*TASK*
Restate the listing below word for word; no picture is to be carried over.

*DATA FOR THIS EXERCISE*

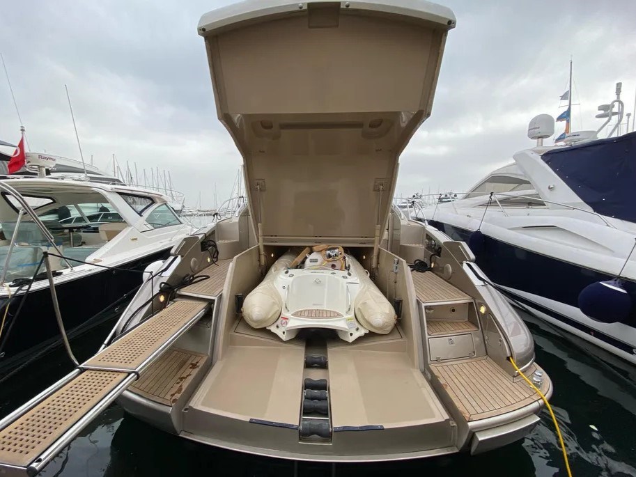 Allarme motore, Allarme sentina, Alternatore, Ancora, Autoclave, Batterie (NUOVE), Camminamenti laterali in teak, Caricabatterie, Doccia esterna, Elica di poppa - stern thruster, Elica di prua - bow thruster, Garage per tender, Lavandino nel Pozzetto, Passerella (IDRAULICA), Pompa di sentina elettrica, Pompa di sentina manuale, Ponte in teak, Pozzetto Teak, Presa 220V banchina, Presa acqua banchina, Salpa Ancore Elettrico, Scaletta da bagno, Tavolo pozzetto, Tender (IDROGETTO AVON for RIVA).
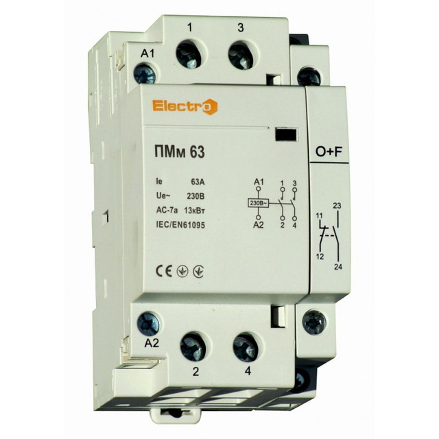 Модульний контактор призначений для комутації слабоиндуктивных навантажень в мережах змінного струму напругою до 400 В з частотою 50 Гц і номінальним струмом до 63 А. Застосовується для включення-відключення потужних побутових приладів (нагрівачі, насоси, вентилятори, компресори, мережі освітлення і т. д.) і використовуються в схемах автоматичного керування поливом, опаленням, вентиляцією тощо).
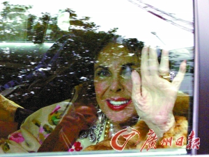 坐上車后的泰勒隔著玻璃窗向攝影師招手,她珠光寶氣,依舊美艷迷人,但那已經(jīng)皺紋橫生的手卻毫不留情地提醒著人們這位一代美女已經(jīng)76歲的事實(shí)。
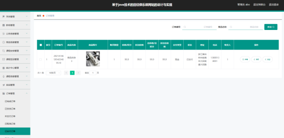 管理员可以查看和管理订单信息,包括订单编号、商品名称、商品图片、购买数量、价格、折扣、支付类型、订单状态和收货人信息。还可以对订单进行修改、发货等操作,支持查看不同状态的订单,如已支付、未支付、已发货等,方便订单管理和跟踪。如图5-15所示。
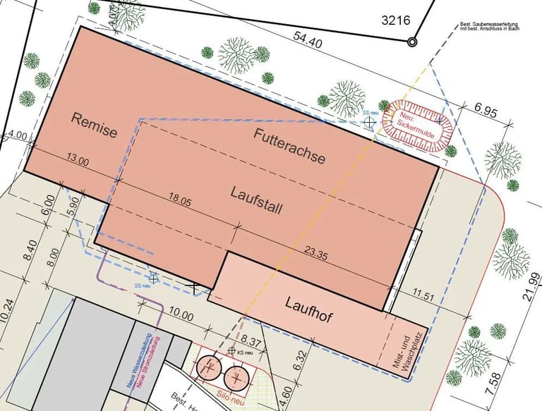 Ein zentraler Bestandteil ist die Berechnung der Lagerkapazität für Jauche und Mist, um den gesetzlichen Anforderungen zu entsprechen. Falls notwendig, erstellen wir auch einen Entwässerungsplan im Massstab 1:200.
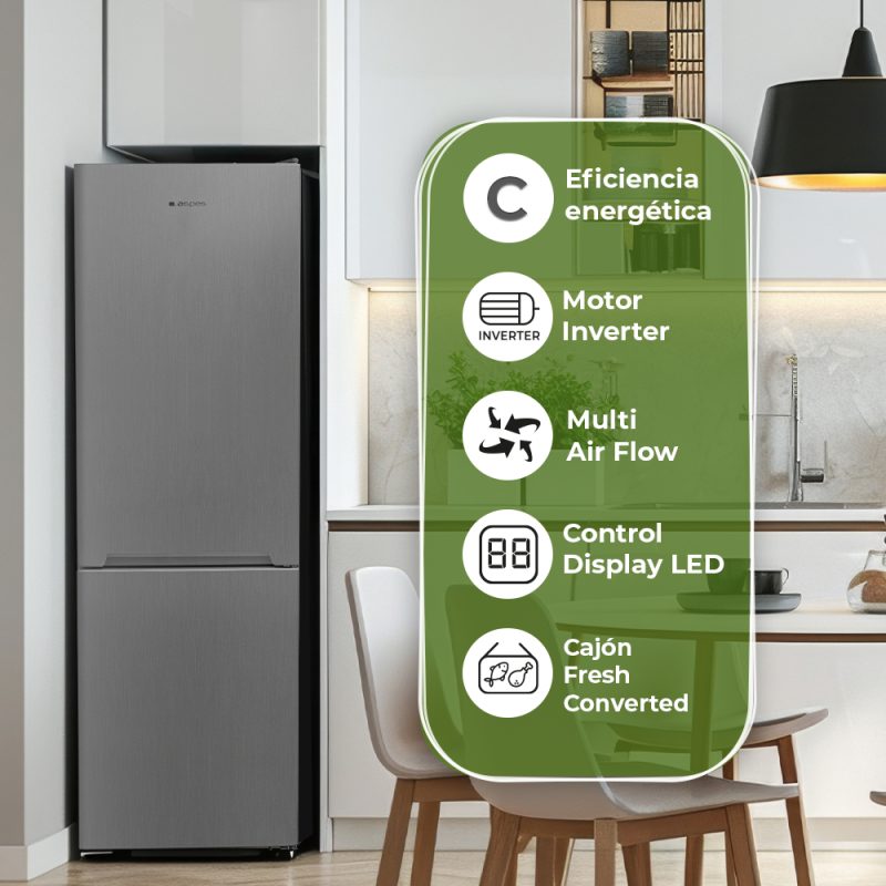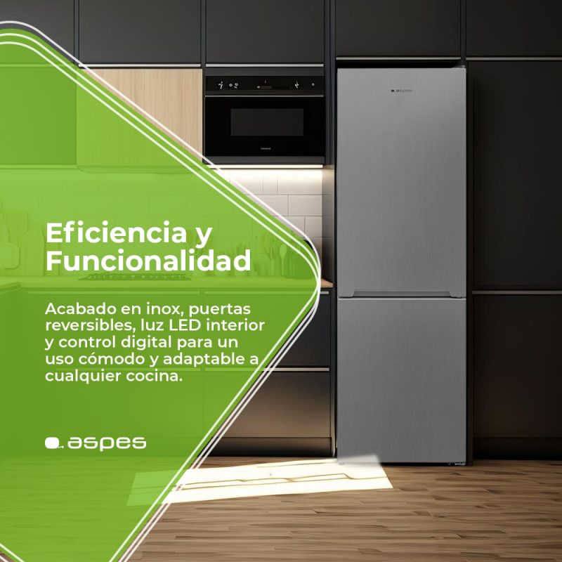 Combi Aspes No Frost C 186cm 59,5cm 60cm Inox Manual Inverter Modo Eco Modo Super Puerta 90º
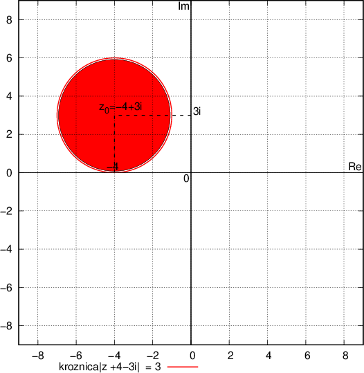 V našem primeru (znak ) gre za notranjost kroga s središčem v in polmerom r = 3 vključno s krožnico (krožnica zato narisana s polno črto):
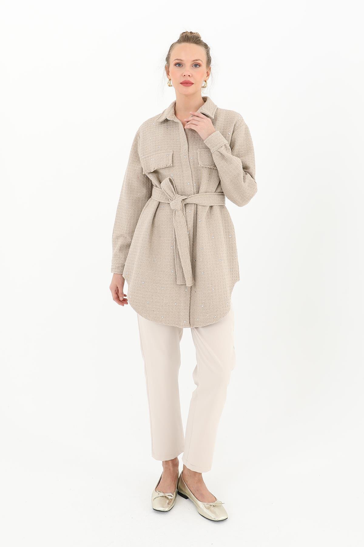 مشخصات فنی Ayarlanabilir Lastik Detaylı Keten Ceket
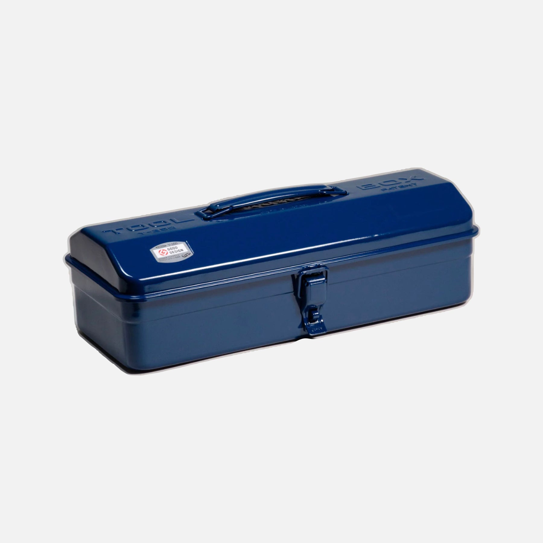 The shape of this toolbox is called "Camber Top" due to the slightly arched shape of the lid that provides more space for storage. It's seamless, light-weight, intentionally made without any sharp corners. The handle is also rounded and gentle in design.
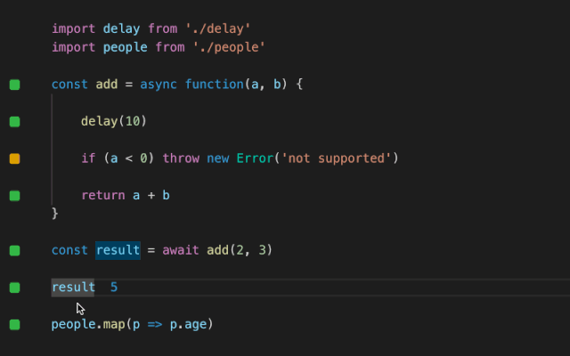 Quokka.js 会在你输入时自动计算结果,并在 IDE 中打印结果。
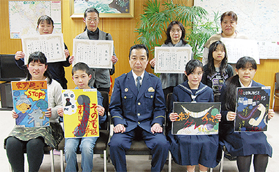 感謝状と記念品を受け取った小学校の部金賞の原田さんは「振り込め詐欺は怖いイメージで、題材選びがちょっと大変だったけど、犯人をオオカミにしてポスターを作りました」と話した。中学校の部金賞の犬飼さんは「(振り込め詐欺は)電話でなりすます悪い犯罪。ポスターは高齢の方でも見て分かりやすいものを、という考えで作りました」と話していた。
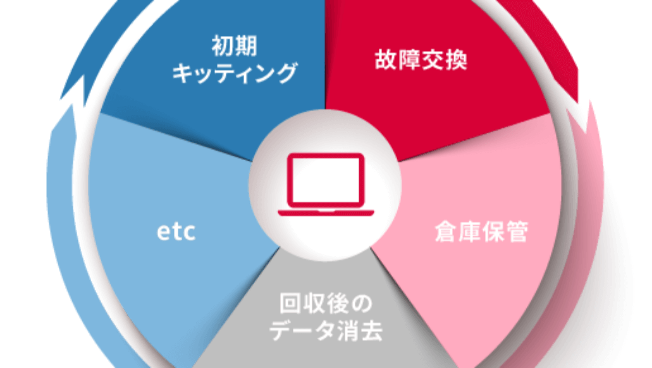 倉庫保管、故障交換、回収後のデータ消去等のPCライフサイクルマネジメントも併せてご提供。
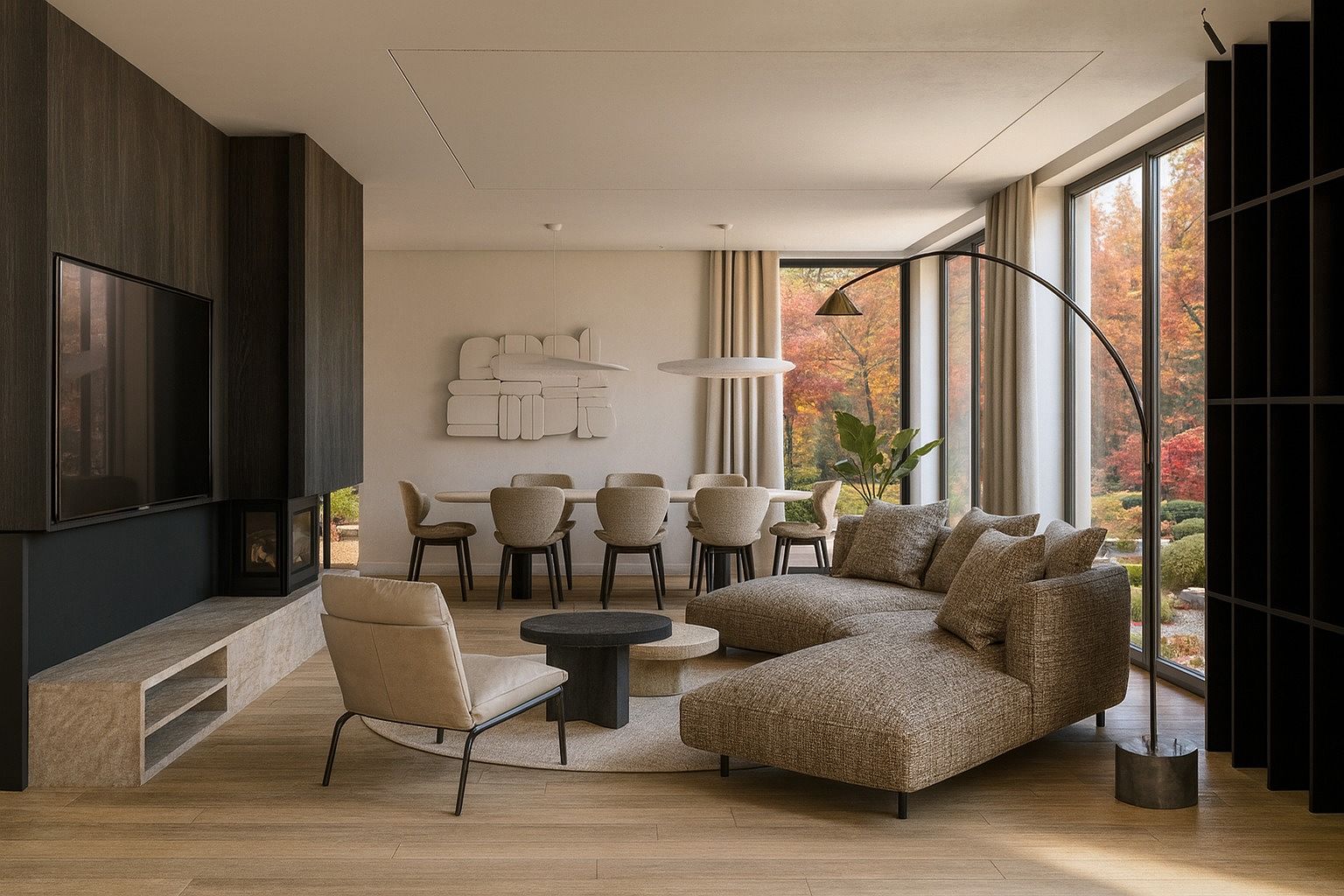 Salon z jasnymi meblami i drewnianym stołem
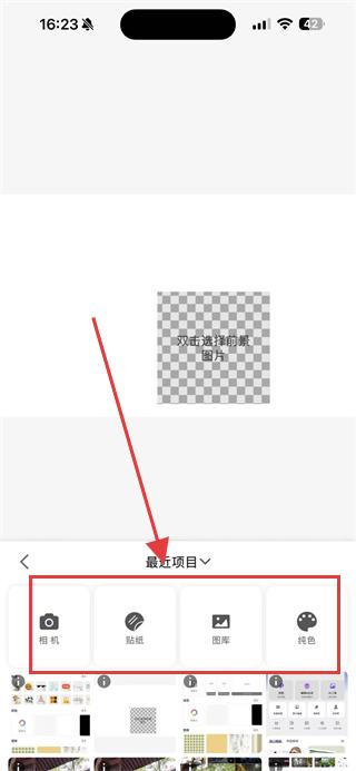 4、从最近项目的相机、贴纸、图库等选项中,选择需要更换背景的前景图片,完成Photoroom换图片背景的操作。
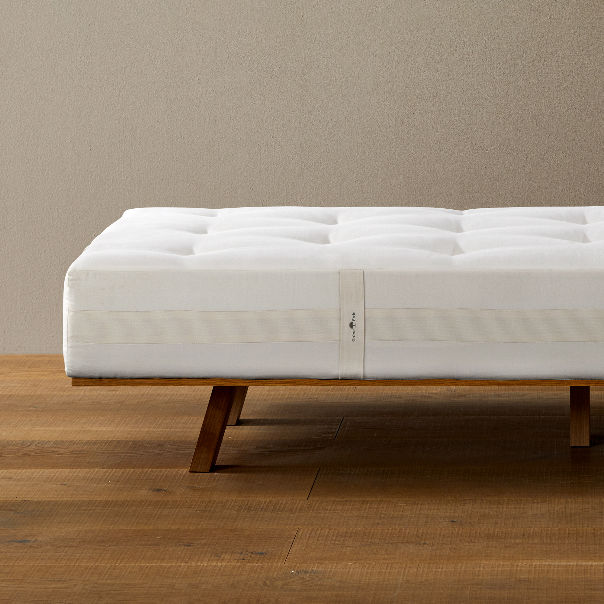 Der fein gewebte, hochwertige Bezug aus Baumwoll-Satin wird in unserer Matratzenwerkstätte im oberösterreichischem Almtal mit einer sorgfältig angefertigten Handnaht verschlossen.

*OUTPUT FOR THIS TASK*
 Allarme motore, Allarme sentina, Alternatore, Ancora, Autoclave, Batterie (NUOVE), Camminamenti laterali in teak, Caricabatterie, Doccia esterna, Elica di poppa - stern thruster, Elica di prua - bow thruster, Garage per tender, Lavandino nel Pozzetto, Passerella (IDRAULICA), Pompa di sentina elettrica, Pompa di sentina manuale, Ponte in teak, Pozzetto Teak, Presa 220V banchina, Presa acqua banchina, Salpa Ancore Elettrico, Scaletta da bagno, Tavolo pozzetto, Tender (IDROGETTO AVON for RIVA).
 Модульний контактор призначений для комутації слабоиндуктивных навантажень в мережах змінного струму напругою до 400 В з частотою 50 Гц і номінальним струмом до 63 А. Застосовується для включення-відключення потужних побутових приладів (нагрівачі, насоси, вентилятори, компресори, мережі освітлення і т. д.) і використовуються в схемах автоматичного керування поливом, опаленням, вентиляцією тощо).
 坐上車后的泰勒隔著玻璃窗向攝影師招手,她珠光寶氣,依舊美艷迷人,但那已經(jīng)皺紋橫生的手卻毫不留情地提醒著人們這位一代美女已經(jīng)76歲的事實(shí)。
 管理员可以查看和管理订单信息,包括订单编号、商品名称、商品图片、购买数量、价格、折扣、支付类型、订单状态和收货人信息。还可以对订单进行修改、发货等操作,支持查看不同状态的订单,如已支付、未支付、已发货等,方便订单管理和跟踪。如图5-15所示。
 Ein zentraler Bestandteil ist die Berechnung der Lagerkapazität für Jauche und Mist, um den gesetzlichen Anforderungen zu entsprechen. Falls notwendig, erstellen wir auch einen Entwässerungsplan im Massstab 1:200.
 Combi Aspes No Frost C 186cm 59,5cm 60cm Inox Manual Inverter Modo Eco Modo Super Puerta 90º
 V našem primeru (znak ) gre za notranjost kroga s središčem v in polmerom r = 3 vključno s krožnico (krožnica zato narisana s polno črto):
 مشخصات فنی Ayarlanabilir Lastik Detaylı Keten Ceket
 The shape of this toolbox is called "Camber Top" due to the slightly arched shape of the lid that provides more space for storage. It's seamless, light-weight, intentionally made without any sharp corners. The handle is also rounded and gentle in design.
 Quokka.js 会在你输入时自动计算结果,并在 IDE 中打印结果。
 感謝状と記念品を受け取った小学校の部金賞の原田さんは「振り込め詐欺は怖いイメージで、題材選びがちょっと大変だったけど、犯人をオオカミにしてポスターを作りました」と話した。中学校の部金賞の犬飼さんは「(振り込め詐欺は)電話でなりすます悪い犯罪。ポスターは高齢の方でも見て分かりやすいものを、という考えで作りました」と話していた。
 倉庫保管、故障交換、回収後のデータ消去等のPCライフサイクルマネジメントも併せてご提供。
 Salon z jasnymi meblami i drewnianym stołem
 4、从最近项目的相机、贴纸、图库等选项中,选择需要更换背景的前景图片,完成Photoroom换图片背景的操作。
 Der fein gewebte, hochwertige Bezug aus Baumwoll-Satin wird in unserer Matratzenwerkstätte im oberösterreichischem Almtal mit einer sorgfältig angefertigten Handnaht verschlossen.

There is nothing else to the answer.